» Task statement
Pictures are to be dropped from the copy. Retype the listing exactly.

» Supplied material

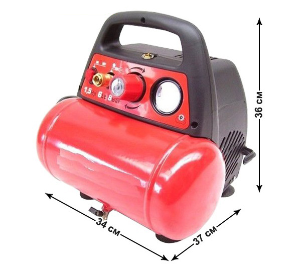 Міні-компресор Tiptopmaker – ідеальний помічник по будинку, саду, гаражу, майстерні і не тільки. Підходить практично для всіх робіт із застосуванням стисненого повітря, особливо для оздоблювальних робіт, розпилення, накачування куль і коліс, для робіт з інструментом, що працює від стисненого повітря. Даний компресор працює повністю без олії, завдяки чому він біліший економічний і не вимагає техобслуговування з контролю та доливання олії. Потужний електродвигун на 1100 Вт досягає частоти обертання 3400 оборотів за хвилину і дозволяє швидко підвищити тиск повітря до 8 бар. Корпус має велику ручку для зручного переміщення та мобільності пристрою.
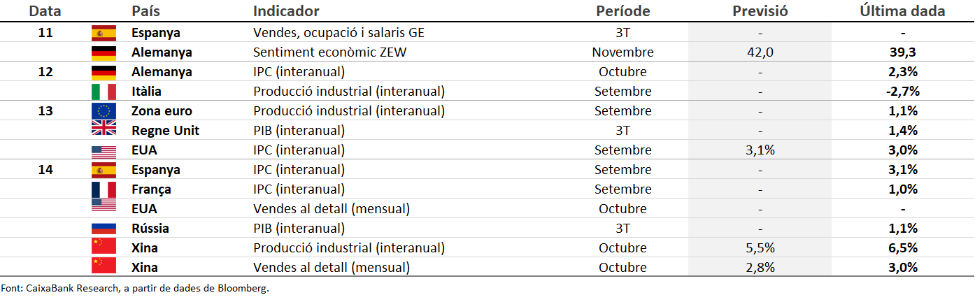 La combinació d’un repunt en la creació d’ocupació segons l’enquesta ADP i una sòlida lectura de l’ISM de serveis van contrastar amb un rècord de retallades d’ocupació segons l’índex Challenger, la qual cosa no va buidar la incertesa sobre la salut del mercat laboral i el rumb de la política monetària. Així, les expectatives dels inversors d’una nova retallada de tipus per part de la Fed al desembre es van moure en un rang estret (entre el 60% i el 70%) i acaben la setmana sense canvis nets rellevants. Això es va reflectir en una evolució dispar dels actius: la rendibilitat dels treasuries va oscil·lar, amb caigudes puntuals després de les dades de Challenger, però sense un moviment net setmanal significatiu. També el dòlar va patir aquests moviments d’anada i tornada i va tancar la setmana sense gairebé variació enfront dels seus principals parells, inclòs l’euro. A Europa, els tipus sobirans també es van moure en rangs estrets, amb lleugers repunts després d’uns PMI finals millors de que s’esperava, especialment a Alemanya, i amb una lleu ampliació dels diferencials perifèrics. La renda variable global tanca la setmana amb correccions, llastada per la presa de beneficis i els dubtes sobre les valoracions en el sector tecnològic, especialment l’estatunidenc, amb el Nasdaq mostrant el pitjor acompliment entre els grans índexs. A la zona de l’euro, el retrocés va ser igualment generalitzat, encara que l’IBEX 35 va aconseguir tancar en positiu, secundat pel bon comportament del sector bancari. En matèries primeres, caigudes del petroli, en un context en què la feblesa de la demanda global (acumulació d’inventaris als EUA i alentiment del ritme de compres a la Xina) no té l’aire de ser contrarestada pels plans de reducció de l’oferta, fins i tot encara que l’OPEP+ hagi decidit pausar els increments de producció a partir del gener. El preu del gas natural europeu, per part seva, va repuntar impulsat per expectatives de major consum estacional davant les previsions de baixes temperatures.
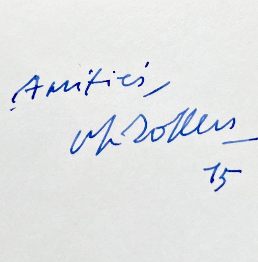 Collée sur bristol avec envoi autographe : "Amitiés. Ph Sollers. 15".

» Solved exercise
 Міні-компресор Tiptopmaker – ідеальний помічник по будинку, саду, гаражу, майстерні і не тільки. Підходить практично для всіх робіт із застосуванням стисненого повітря, особливо для оздоблювальних робіт, розпилення, накачування куль і коліс, для робіт з інструментом, що працює від стисненого повітря. Даний компресор працює повністю без олії, завдяки чому він біліший економічний і не вимагає техобслуговування з контролю та доливання олії. Потужний електродвигун на 1100 Вт досягає частоти обертання 3400 оборотів за хвилину і дозволяє швидко підвищити тиск повітря до 8 бар. Корпус має велику ручку для зручного переміщення та мобільності пристрою.
 La combinació d’un repunt en la creació d’ocupació segons l’enquesta ADP i una sòlida lectura de l’ISM de serveis van contrastar amb un rècord de retallades d’ocupació segons l’índex Challenger, la qual cosa no va buidar la incertesa sobre la salut del mercat laboral i el rumb de la política monetària. Així, les expectatives dels inversors d’una nova retallada de tipus per part de la Fed al desembre es van moure en un rang estret (entre el 60% i el 70%) i acaben la setmana sense canvis nets rellevants. Això es va reflectir en una evolució dispar dels actius: la rendibilitat dels treasuries va oscil·lar, amb caigudes puntuals després de les dades de Challenger, però sense un moviment net setmanal significatiu. També el dòlar va patir aquests moviments d’anada i tornada i va tancar la setmana sense gairebé variació enfront dels seus principals parells, inclòs l’euro. A Europa, els tipus sobirans també es van moure en rangs estrets, amb lleugers repunts després d’uns PMI finals millors de que s’esperava, especialment a Alemanya, i amb una lleu ampliació dels diferencials perifèrics. La renda variable global tanca la setmana amb correccions, llastada per la presa de beneficis i els dubtes sobre les valoracions en el sector tecnològic, especialment l’estatunidenc, amb el Nasdaq mostrant el pitjor acompliment entre els grans índexs. A la zona de l’euro, el retrocés va ser igualment generalitzat, encara que l’IBEX 35 va aconseguir tancar en positiu, secundat pel bon comportament del sector bancari. En matèries primeres, caigudes del petroli, en un context en què la feblesa de la demanda global (acumulació d’inventaris als EUA i alentiment del ritme de compres a la Xina) no té l’aire de ser contrarestada pels plans de reducció de l’oferta, fins i tot encara que l’OPEP+ hagi decidit pausar els increments de producció a partir del gener. El preu del gas natural europeu, per part seva, va repuntar impulsat per expectatives de major consum estacional davant les previsions de baixes temperatures.
 Collée sur bristol avec envoi autographe : "Amitiés. Ph Sollers. 15".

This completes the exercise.